Los Angeles. My dad getting a call from the school that I had somehow put a young boy, Glenn, in a vegetative state. I hadn't technically killed him, no, but he was as good as dead. I don't know if his parents pulled the plug or not, but I hope they did. No one deserves to live like that. As far as I was concerned, drooling and being fed through a tube wasn't living.

I skipped over much of my school life. Secretly, I didn't want him to see the fear. The way the other students repelled from me, like some disease. To them, I wasn't a person. When I got into my teens, I showed him the hospitals. The nausea, the fainting. Having to take the pills, the shots. Whatever my dad could afford. I purposely didn't show Pyro the times I overdosed on purpose. He didn't need to see that.

The turning point in my life, running away to Canada. Short, sweet Alexandrine. I loved that woman to tears. I still do.

The pleasant little restaurant in Quebec. Leaving Canada for New York, and then running into Colossus in the woods. I stopped there, and we were sitting across from each other in the fiery flowers.

"You know the rest." I said softly.

"Your life hasn't been a walk in the park, has it?" Pyro murmured a strange look on his face.
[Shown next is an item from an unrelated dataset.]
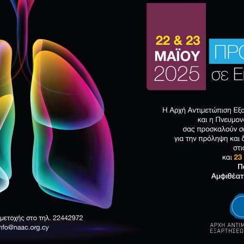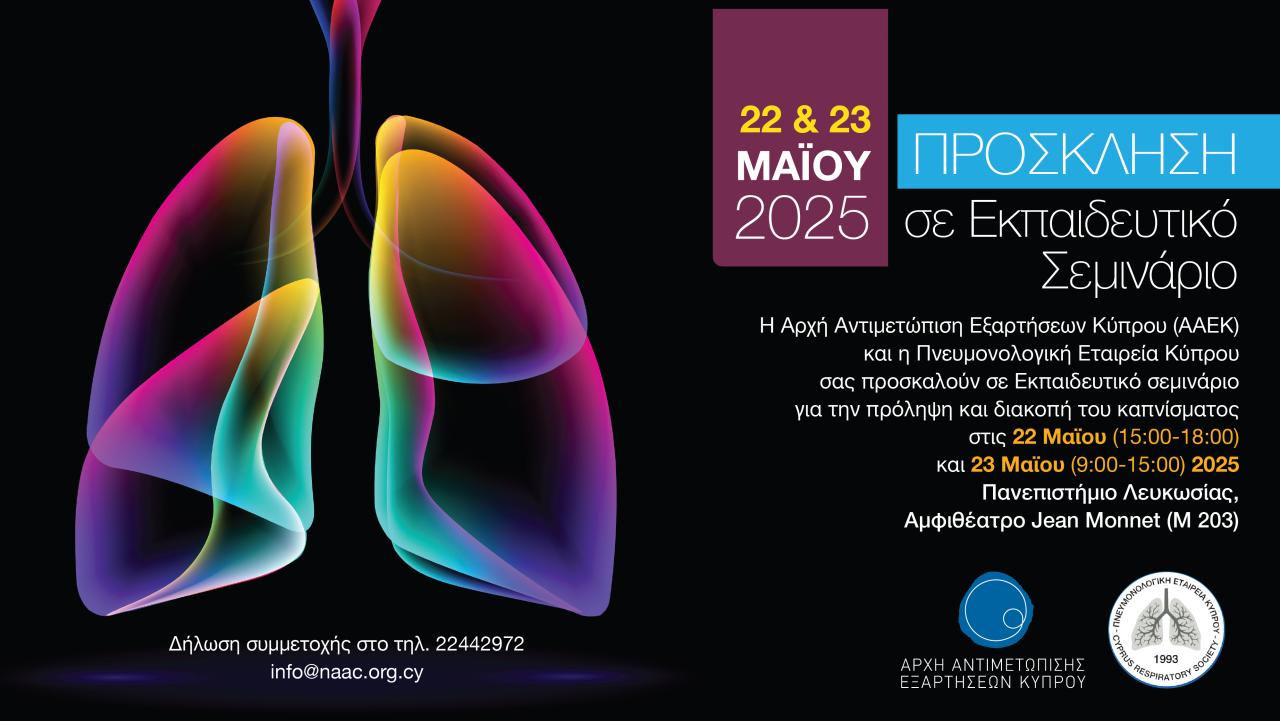 Η Αρχή Αντιμετώπισης Εξαρτήσεων Κύπρου (ΑΑΕΚ) και η Πνευμονολογική Εταιρεία Κύπρου, διοργανώνουν εκπαιδευτικό σεμινάριο για την πρόληψη και διακοπή του καπνίσματος.
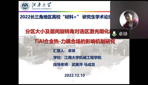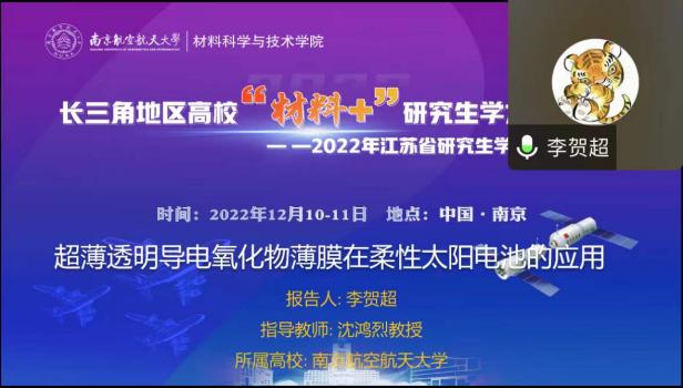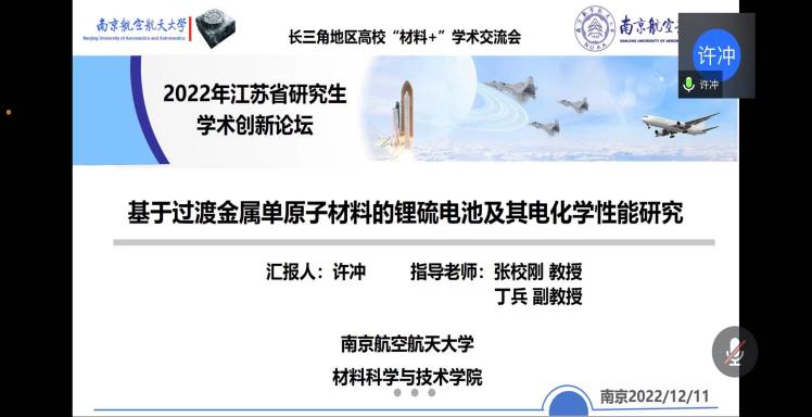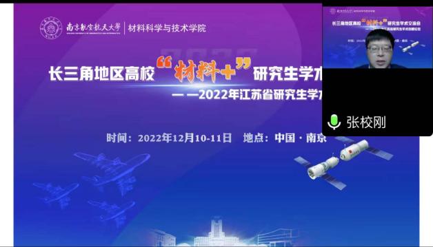 12月10-11日,由江苏省教育厅工学 3 类教指委主办,南航澳门彩票有限公司 承办的长三角地区高校“材料+”研究生学术交流会暨2022年江苏省研究生学术创新论坛活动顺利举办。来自北京大学、浙江大学、北京航空航天大学、上海理工大学、东南大学、西北工业大学、南京理工大学、中国科澳门彩票有限公司 等十几所高校的40余名学生通过线上的形式进行学术成果交流与分享,百余名师生聆听报告并参加讨论。

I really hoped showing him that was the right thing to do.

He pulled me into a rather awkward side-hug, the best you can really do while sitting down. Suddenly all of the flame-colored flowers turned to a rosy pink. Chuckling, he pulled me up to my feet.

"Come on, let's get back." Smiling, I closed my eyes to concentrate.

--

"Whoa, head rush." I muttered, pressing my fingertips to my temples and waiting for the throbbing to subside. I didn't open my eyes though. I wasn't sure if I wanted to know where I was.

"Did he get the message?"

"Thanks for your concern, Monsieur Paperclip." I muttered sarcastically, "No, I don't think I'm fine right now."

"Just answer the question!" Magneto snapped. Somebody was certainly cranky today.

"Yeah, yeah, Monsieur Xavier Whatever got it. It wasn't very clear, though. You don't enunciate very well." I snipped. When I opened my eyes Magneto was uncomfortably close, a glare clear on his face.

"I heard about that little stunt you pulled." He said warningly.

"What'd I do? I pushed Pyro out of the way of the funky-eye dude, got knocked unconscious, kidnapped apparently (thanks for all the help on that, by the way), and woke up in a strange place with a bald guy trying to read my mind. If that's not enough, Goth chick just had to take things personally and tries to attack me, her fault she steals my powers. Not my problem, but I got convinced to help her, and conked out for a while. Somehow Hothead gets sucked under with me. What part of this is my fault, again?" I was upset enough because I probably hadn't eaten for days, and his interrogations weren't helping with my mood.

Left with nothing to complain over, he left the room. Good, I thought, I hope I smashed your ego to smithereens.

--

"Why d'you always mess with 'im?" Pyro asked curiously, a little bit later. I just shrugged.

"It's something to do. This place is rather boring. Y'all should bet a PS3." I smiled at the thought of Piotr trying to press the buttons with his huge fingers. Then again, somebody would probably get frustrated with it and smash/blow up/catch it on fire.

"Am I really that boring?" He asked with fake poutiness.

"Only when you're trying to be funny." It was late, and I gave him a kiss on the cheek instinctively before I left the room. In France and in Canada it was a way to say good-bye, but it wasn't until I left the room that I remembered the way Americans took it.

I slapped myself on the forehead. "Great."